You can’t imagine how much fun driving a Model T was. Even the Ts without wings and propellers were fun. Mine was a 1923 touring car. A boxy two-seater. Dad paid $265 for it new and drove it right up until the year we moved to Stony Hill Road and he took his big job at Goodrich. It waited patiently under a tarp in the barn until I turned fourteen, then proudly allowed itself to be transformed by my imagination into an airplane.
I hopped on the running board, waved one last time to my mother, and reached for the spark advance under the steering wheel. Then I ran to the front, and pretending I was giving the propeller a yank, I gave the hand crank my expert twist. The Gilbert SXIII purred like a bushel of cats.
I jumped in and lowered my goggles. The lenses turned the world yellow. Ts didn’t have a clutch and gearshift like others cars. There was one foot pedal on the left to go forward, one in the center to send you jerking in reverse, and one on the right to stop you in your tracks. A lever by your left knee let you choose between high speed or low. I taxied down the front yard in low, and then with my tongue hanging out over my teeth, rammed her into high and gave her as much gas as she could swallow without choking.
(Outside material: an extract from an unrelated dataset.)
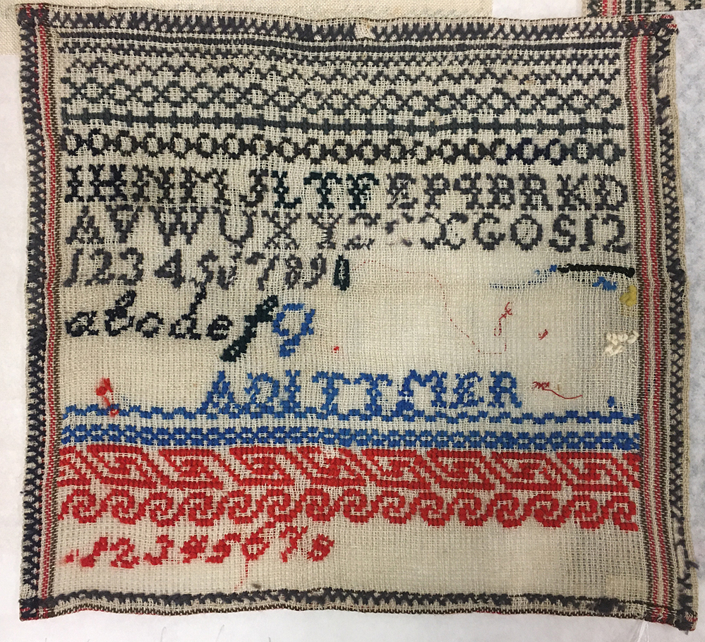 : Het eerste alfabet op deze doek is opgebouwd naar moeilijkheidsgraad. Eerst leerden de meisjes de stokletters borduren de I H N M J L T F E P B R K en D, als ze dat onder de knie hadden kwam de volgende uitdaging, de zogenaamde schuine letters A V W X Y en Z en ten slotte de ronde U C G O Q en S. Practice makes progress. Daarna volgde vaak het ABC in gebruikelijke volgorde.
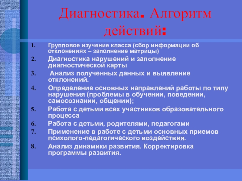 Диагностика нарушений и заполнение диагностической карты

Away I flew for Bennett’s Corners.
“The best position in aerial combat is that where one can shoot at the enemy from close range without him being able to reply.”
THE DICTA BOELCKE
Two/White Dust
I flew the Gilbert SXIII straight up Stony Hill Road, painting the cornfields with white dust. I was probably going no faster than twenty-five, but with the wind up under my stubby wings and my hard rubber tires sliding in the gravel, it seemed like I was going three hundred. It was a few minutes past one and the sun was beginning to tilt west. Babcock Road w
as just ahead. I cut the throttle but stayed in high. I leaned left until I saw the world sideways, just like when you bank an airplane. I waited until I was on top of the intersection, then drove the steering wheel hard. Gravel rattled through the trees. Dust soaked into my tongue and gums and coated my goggles. My right wheels left the road. Then they sat down hard, sending the entire chassis into a frenzy. I was on Babcock now, flying straight west.
God but I wanted to be a dogfighter like my dad and Eddie Rickenbacker, hunting down Huns, sending Fokkers and Albatrosses spinning into the vineyards. Not that I had anything against Germans. Eddie Rickenbacker was a German by blood, after all. My own mother was the daughter of one-quarter Germans, making me one-sixteenth German myself. No, I was only against the Germans who flew airplanes over France.
One of the most famous Germans who flew airplanes over France was an Argentina-born asthmatic named Oswald Boelcke. Dad and Eddie Rickenbacker revered him even though he was on the other side. Boelcke was one of the first true aces of the war. Recorded forty victories, way more than Dad and Eddie. It was the studious Herr Boelcke who first set down the rules for the new art of aerial combat. The Dicta Boelcke, it was called. Dogfighters on both sides followed it. Dad taught me all ten rules. I planned to use them when World War II broke out, but the U.S. Army Air Force wouldn’t let me fly. Wouldn’t even put me on a bomber crew. They sent me to cooking school.
As I flew along Babcock Road that morning I saw a wobbling dot on the hill ahead of me. No doubt who that wobbling dot was. It was that turtle-faced Marty Boyle on his red bicycle. The ten rules of the Dicta Boelcke went crazy inside my head.
Rule One: The best position in aerial combat is that where you can shoot at the enemy from close range without him being able to reply. Easy enough. Marty didn’t even know I was behind him. I’d be on him before he could fart or pray.